**THE PROBLEM:** Pictures in the entries below are excluded; copy only the lines from the one containing "3月18日(水)1・2年生も" to the one containing "Pop Art abstrakt", both included.

[Opening TASK MATERIAL section]

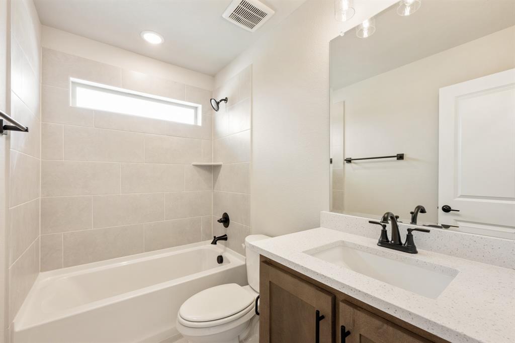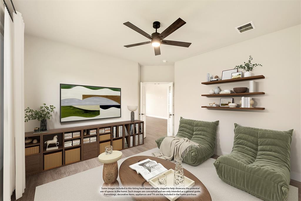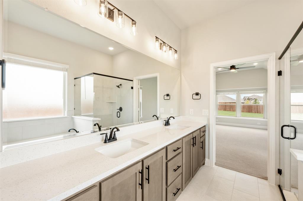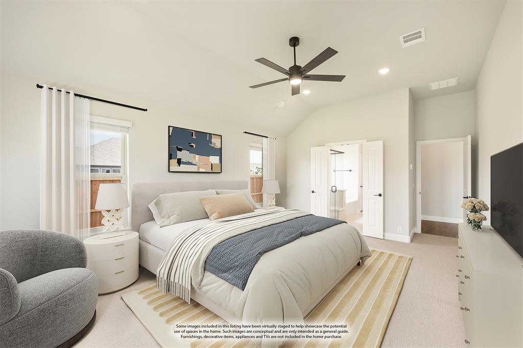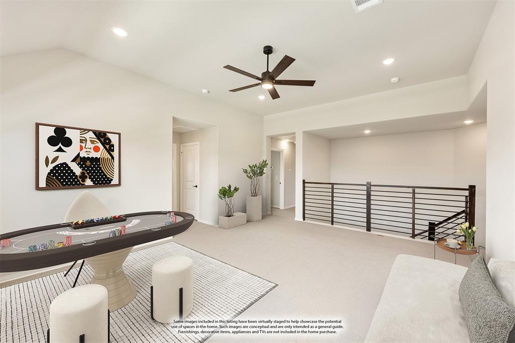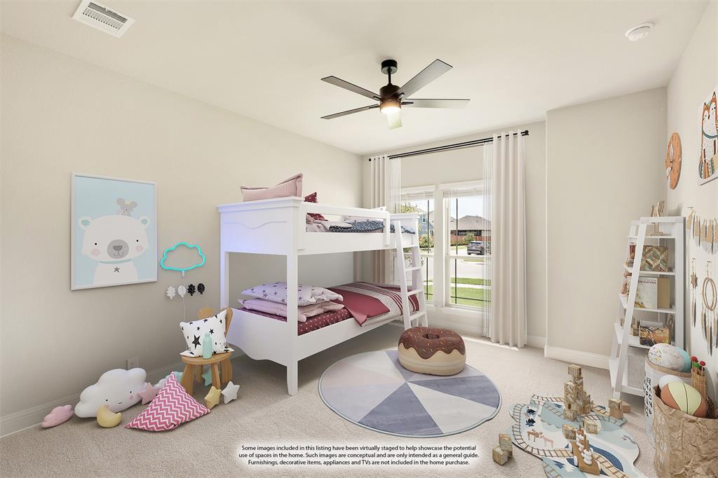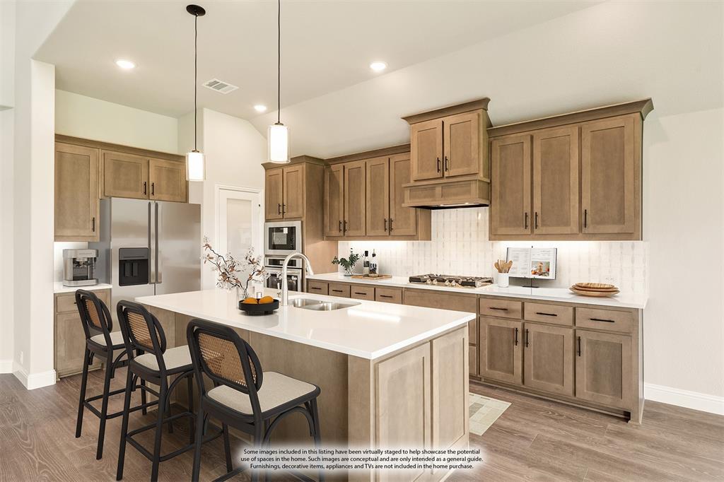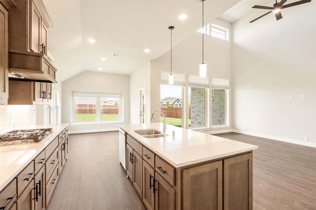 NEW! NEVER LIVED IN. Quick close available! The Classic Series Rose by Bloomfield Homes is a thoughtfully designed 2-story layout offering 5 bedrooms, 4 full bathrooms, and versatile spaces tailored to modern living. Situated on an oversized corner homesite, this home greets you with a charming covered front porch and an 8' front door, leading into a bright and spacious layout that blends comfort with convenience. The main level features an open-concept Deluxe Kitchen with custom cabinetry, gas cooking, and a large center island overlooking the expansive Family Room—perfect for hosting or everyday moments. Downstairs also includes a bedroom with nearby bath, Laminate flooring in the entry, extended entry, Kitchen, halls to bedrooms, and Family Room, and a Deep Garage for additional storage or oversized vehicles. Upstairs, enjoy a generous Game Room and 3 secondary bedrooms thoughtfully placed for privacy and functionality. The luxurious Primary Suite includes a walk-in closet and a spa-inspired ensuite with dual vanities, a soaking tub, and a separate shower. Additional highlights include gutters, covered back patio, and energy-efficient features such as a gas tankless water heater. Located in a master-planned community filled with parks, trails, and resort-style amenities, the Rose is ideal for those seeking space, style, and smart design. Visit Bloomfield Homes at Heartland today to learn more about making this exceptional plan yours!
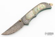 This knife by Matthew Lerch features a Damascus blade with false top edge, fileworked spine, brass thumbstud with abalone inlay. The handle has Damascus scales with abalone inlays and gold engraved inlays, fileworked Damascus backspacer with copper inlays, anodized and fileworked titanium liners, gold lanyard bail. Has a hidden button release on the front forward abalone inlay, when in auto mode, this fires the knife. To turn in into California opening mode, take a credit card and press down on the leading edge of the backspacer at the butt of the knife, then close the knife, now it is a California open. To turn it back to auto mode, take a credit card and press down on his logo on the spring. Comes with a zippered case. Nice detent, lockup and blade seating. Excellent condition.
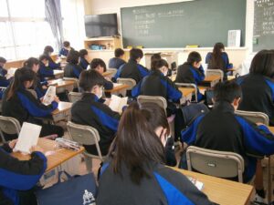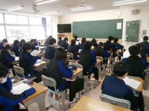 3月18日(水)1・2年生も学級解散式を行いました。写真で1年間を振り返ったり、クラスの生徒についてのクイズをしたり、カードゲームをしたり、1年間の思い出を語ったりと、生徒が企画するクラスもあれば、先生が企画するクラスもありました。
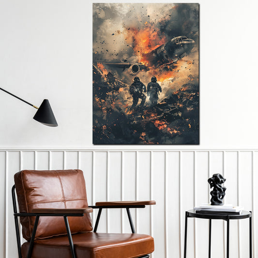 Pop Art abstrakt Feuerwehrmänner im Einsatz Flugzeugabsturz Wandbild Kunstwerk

[Closing TASK MATERIAL section]
[Opening TASK MATERIAL section]

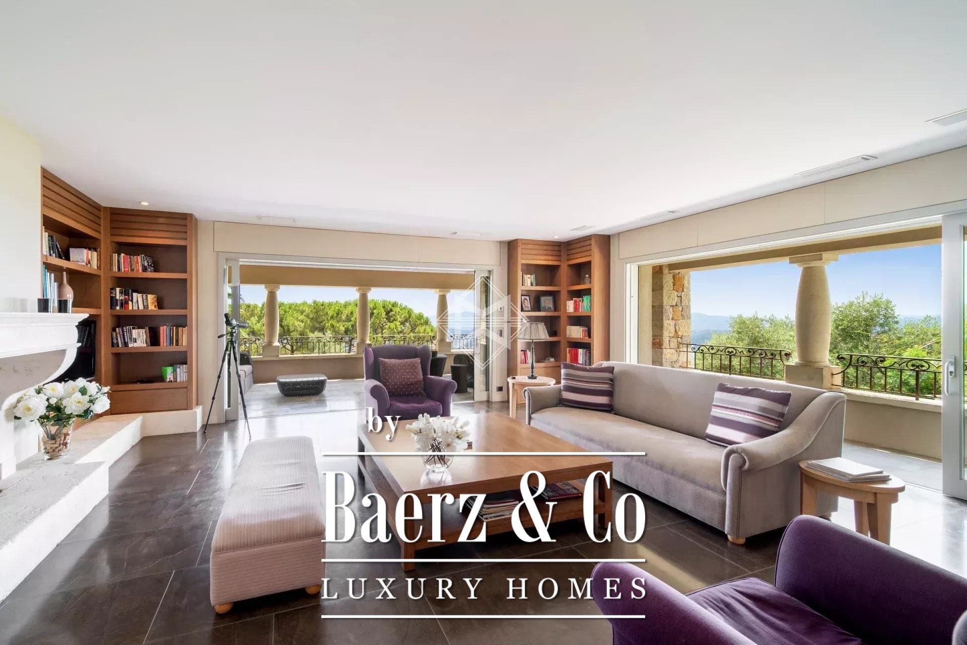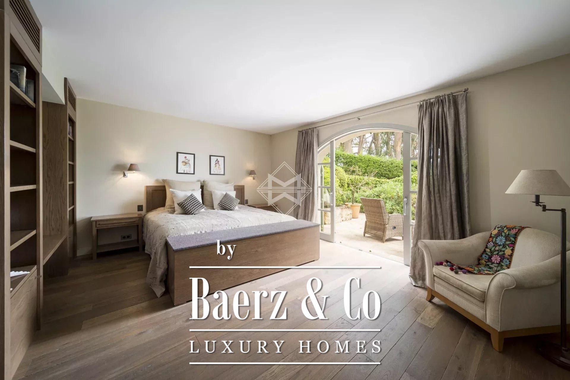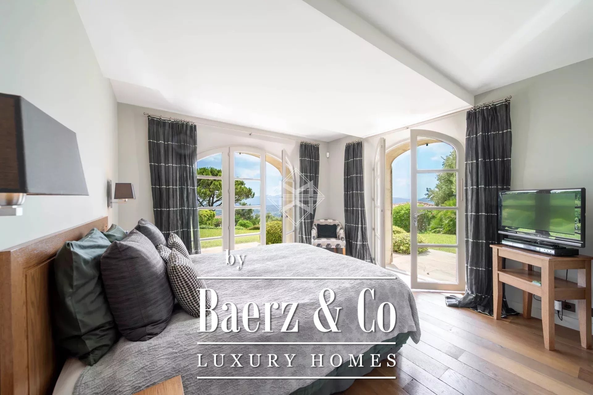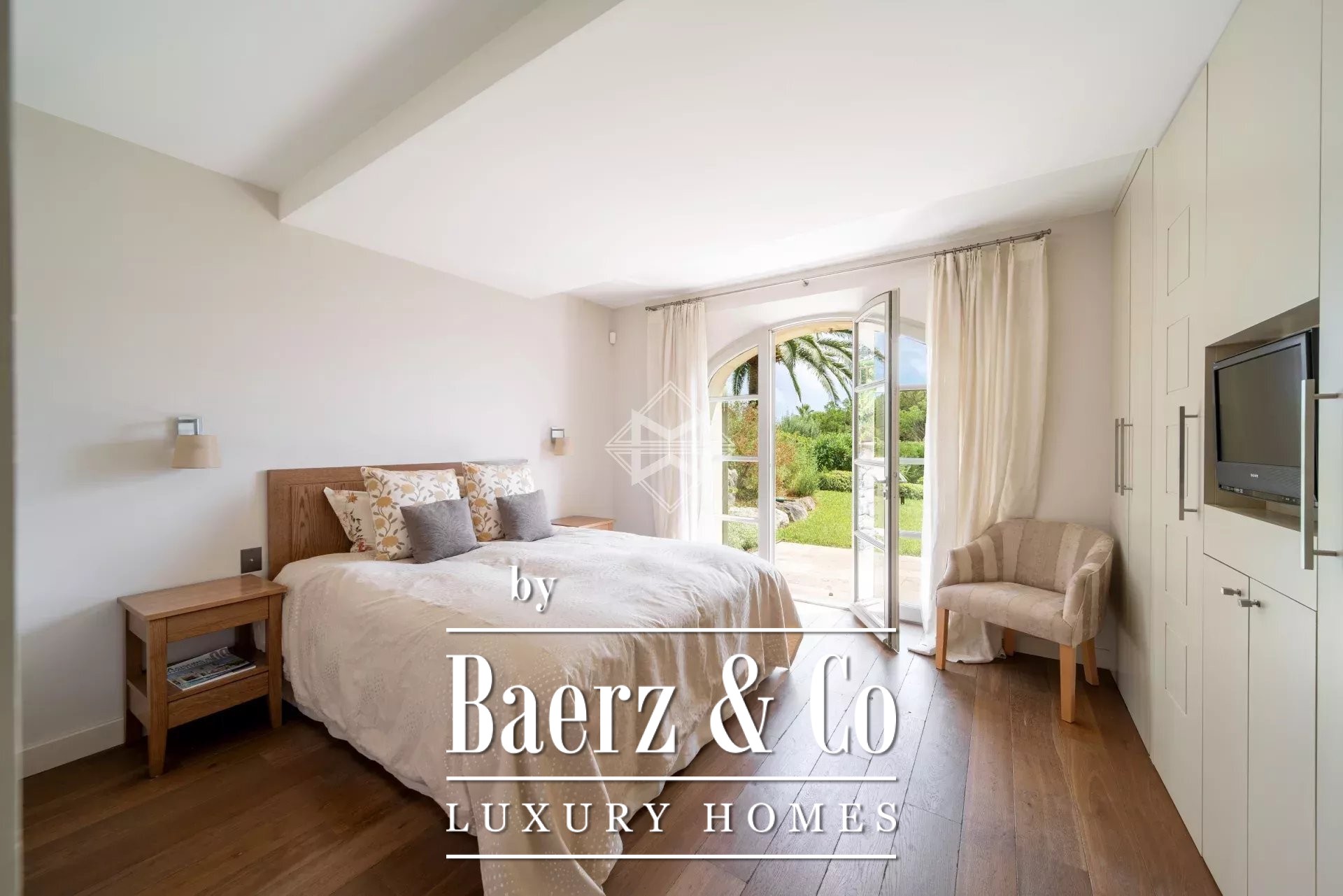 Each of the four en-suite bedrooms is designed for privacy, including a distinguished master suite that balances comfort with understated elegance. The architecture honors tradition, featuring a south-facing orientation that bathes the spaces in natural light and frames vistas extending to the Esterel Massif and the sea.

[Closing TASK MATERIAL section]

**ANSWER BOX:**
 3月18日(水)1・2年生も学級解散式を行いました。写真で1年間を振り返ったり、クラスの生徒についてのクイズをしたり、カードゲームをしたり、1年間の思い出を語ったりと、生徒が企画するクラスもあれば、先生が企画するクラスもありました。
 Pop Art abstrakt Feuerwehrmänner im Einsatz Flugzeugabsturz Wandbild Kunstwerk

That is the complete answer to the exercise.